Bruce Charlton said...

@Colin - Yes, I believe it is a stark choice.

We can and will, of course, take notice of *some* perceptual information and symbolism - but because most of it is corrupted by evil, we can only know which to attend-to by use of intuition.

This applies even to those who remain devout church members, because they need to use intuition to discern which teachers, teachings and practices to adhere to, and which to reject -- just as the real Christians among Trad Catholics and Protestants already do.

(Trads are doing exactly this, i.e. they are using intuitive discernment to discover the truth among the mass of mainstream lies, errors and distractions - even when they deny doing it! - They are either self-blinded, fooling-themselves, or pretending.)

Other denominations (such as Mormons) will need to do the same, or else their mainstream-dominant leadership will guide them into ever-greater convergence with evil-dominated secular leftism.

Inquisitor Benedictus said...

I think you could put it down schematically like this.

Instinct perceives 1D or 1-dimensional truths, where there is no perception of a perceiving subject or a perceived object, but just a direct knowing via the senses.

Intellection perceives 2D or 2-dimensional truths, flat truths, where there is a truth-object but the perceiving subject is as it were cancelled out, as if it didn't exist; or it is made into an empty, contentless "observer" which acts as a blank mirror to the objective truth, contributing nothing of its own. There is then an objectivism that de-personalises the world, which can culminate in a flat theistic (or pantheistic) Oneness or in an atheistic world system which treats mechanical laws of nature as the thing-in-themselves. Here is the source of all intellectual systems and dogmatisms, religious and secular.

Intuition perceives 3D or 3-dimensional truths, where the law of perspective is, as it were, kept in, and the perceiving subject is itself an integral part of the perception.
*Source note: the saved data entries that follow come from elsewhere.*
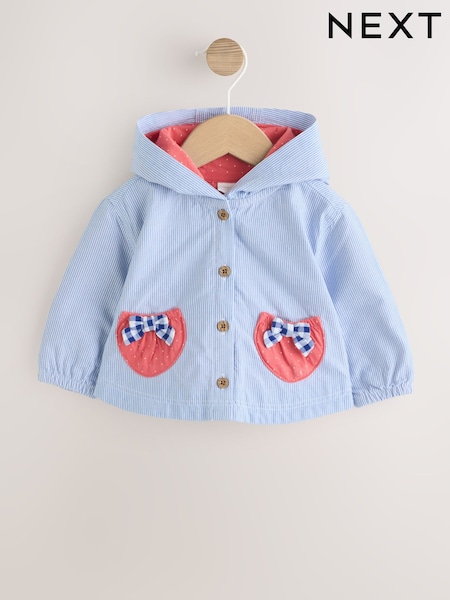 Blue Striped Strawberry Pocket Baby Hooded Jacket (0mths-2yrs)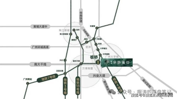 项目位于广州市番禺区南村镇,处于万博 CBD 与大学城两大核心板块的交汇位置,是广州南拓发展的核心节点。根据高德地图实测数据,项目距离万博 CBD 核心区约 3 公里,自驾 10 分钟可达;距离广州大学城约 2 公里,地铁 1 站即可抵达;距离珠江新城核心区约 18 公里,地铁 6 站可直达;距离琶洲数字经济区约 12 公里,地铁 5 站可达;距离广州南站约 10 公里,自驾 15 分钟可达。该板块作为番禺重点发展的核心区域,集聚了超过 2000 家规模以上企业,常住人口超 60 万,是广州南部的经济、商业、人才核心聚集地。项目紧邻百年岭南园林余荫山房,既承接了核心城区的繁华资源,又拥有不可复制的文脉生态资源,在土地资源日益稀缺的主城核心区,这样的占位具备极高的价值属性,是区域内少有的兼具繁华与静谧的优质地块,可同时承接主城核心区的产业外溢与居住需求,板块价值持续稳步提升。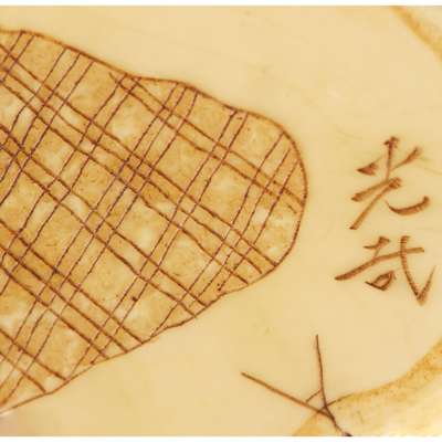 明治 光哉、寿之、一之、乐?款 各色象牙雕人物擺件(四件)及 七福神乘寶船根付
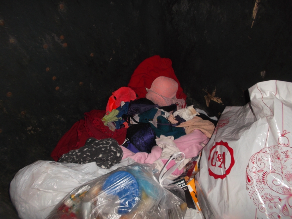 In einem benachbarten Müllcontainer blickte ich auf eine ganze "Landschaft" auf geiler Mädelswäsche, die auf dem siffigen Tonnenboden lag.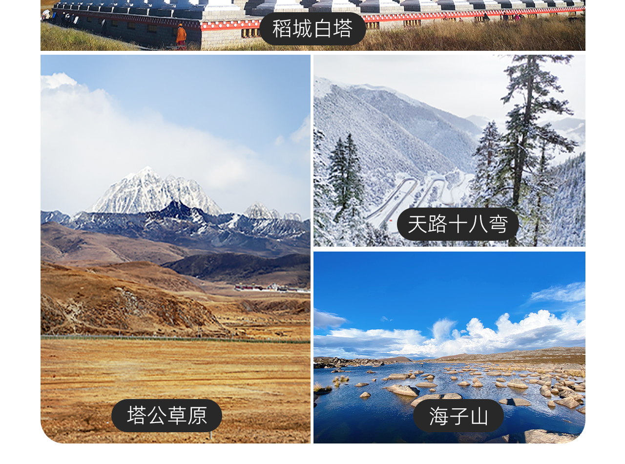 - 第4天:新都橋-天路18彎-海子山-稻城白塔-香格里拉鎮(420KM丨約8小時)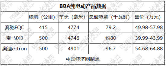 为了改变市场低迷的表现,BBA在电动车市场采取价格下探的策略。今年1月27日,宝马官方发布声明称,iX3的建议零售价下调7万元。中国经济网记者近期在走访时了解到,目前宝马iX 3现金优惠达到5万元;此外,奔驰EQC厂家补贴6.9万元,4S店补贴6万元;奥迪国产e-tron优惠幅度为八五折。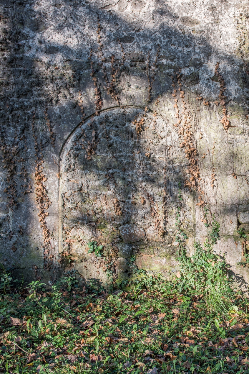 Porte condamnée de la façade sud de la chapelle de la Caunelaye.Immatriculation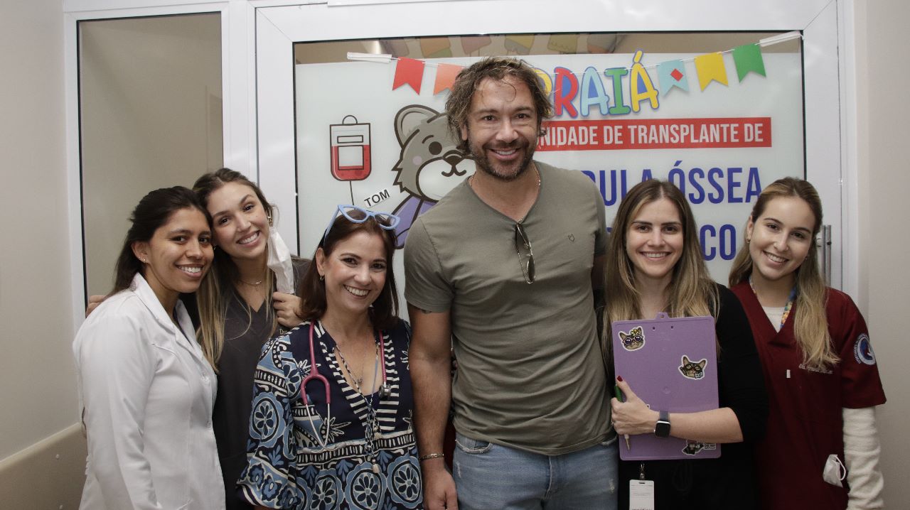 Ex-jogador Lugano visita hospital da região e celebra ‘pega’ da medula óssea de paciente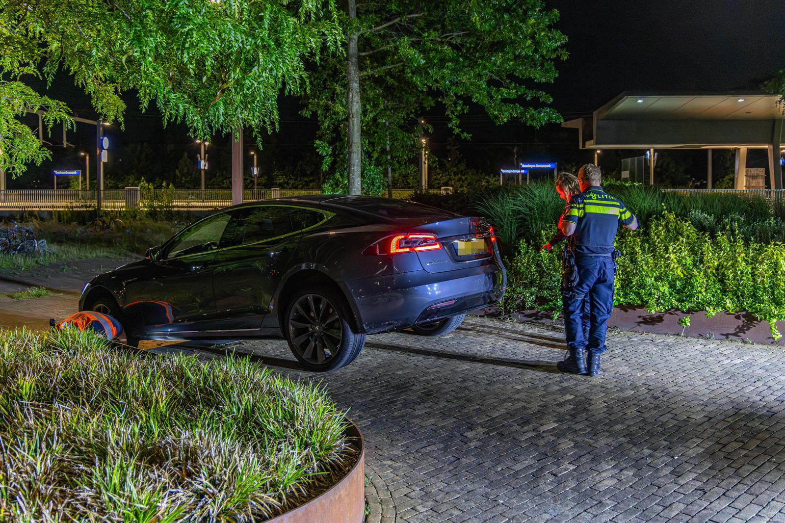 Het voorval gebeurde in het begin van de nacht. “Het gaat om een Tesla”, beschrijft de fotograaf de situatie. “De bestuurder is afgeslagen, is de stoep op gereden, en heeft vervolgens de trap genomen naar beneden. Daarbij kwam de auto al snel vast te zitten.” Hulpdiensten waren snel aanwezig. “De bestuurder is aangehouden. Uit een controle bleek dat hij te diep in het glaasje heeft gekeken.”

Now the subject is an actor and not a mere passive observer, and has to contribute to truth the creative energies of their own intentionality. I think here is the source of original artistic and philosophical insights, but I think there is a tendency towards subjectivism. If the problem with 2D truth is that it leads to the alienation of the subject or person, the problem with 3D truth is that it leads to the alienation of the objective world.

I think on top of that you can posit a 4D or 4-dimensional truth, where the human person or I is fully integrated and the subject-object distinction is reunited as in the case of the 1D instinct perception, where the person no longer looks at the world as something happening outside of themselves but sees their own "interior" processes and the world's exterior "processes" as constituting one and the same process. The problem of alienation, which began with the passage from instinct to intellection, is here overcome.

You can describe these as 4 hunan thought domains — animal, scientist, poet, prophet.

Inquisitor Benedictus said...

By the way, if the first three thought processes were called instinct, intellection, and intuition, I would call the fourth 'faith'.

Ilo said...

What seems most weird to me in the Trads is that they seem to believe that, despite all the obvious spiritual corruption of their chosen institution, you need permission from said institution to be a committed Christian.

Bruce Charlton said...

@IB - Ok, if it works for you; but I find your explanation much harder to understand than what it purports to explain - because so abstract an analogy.

One has first to understand the abstract analogical model, then translate the model back into reality.

@llo - I agree 100%!

I would have thought that this stark incoherence just needed pointing-out to be acknowledged - but seemingly not.

T said...

I'm interested in the true romanticism of the 1700s. I wonder if you could give me a tip on where to look first in reading about it as it was described at the time and about its usurpation.

Bruce Charlton said...

@T - I don't think you can get all that from a single source. And understanding (in this era) is meant to be an active process of individual discovery. Romanticism comes of age, by Owen Barfield, may be a decent start?

T said...

Understood. Thank you very much for your response and the suggestion. Always a fascinating blog. God bless you.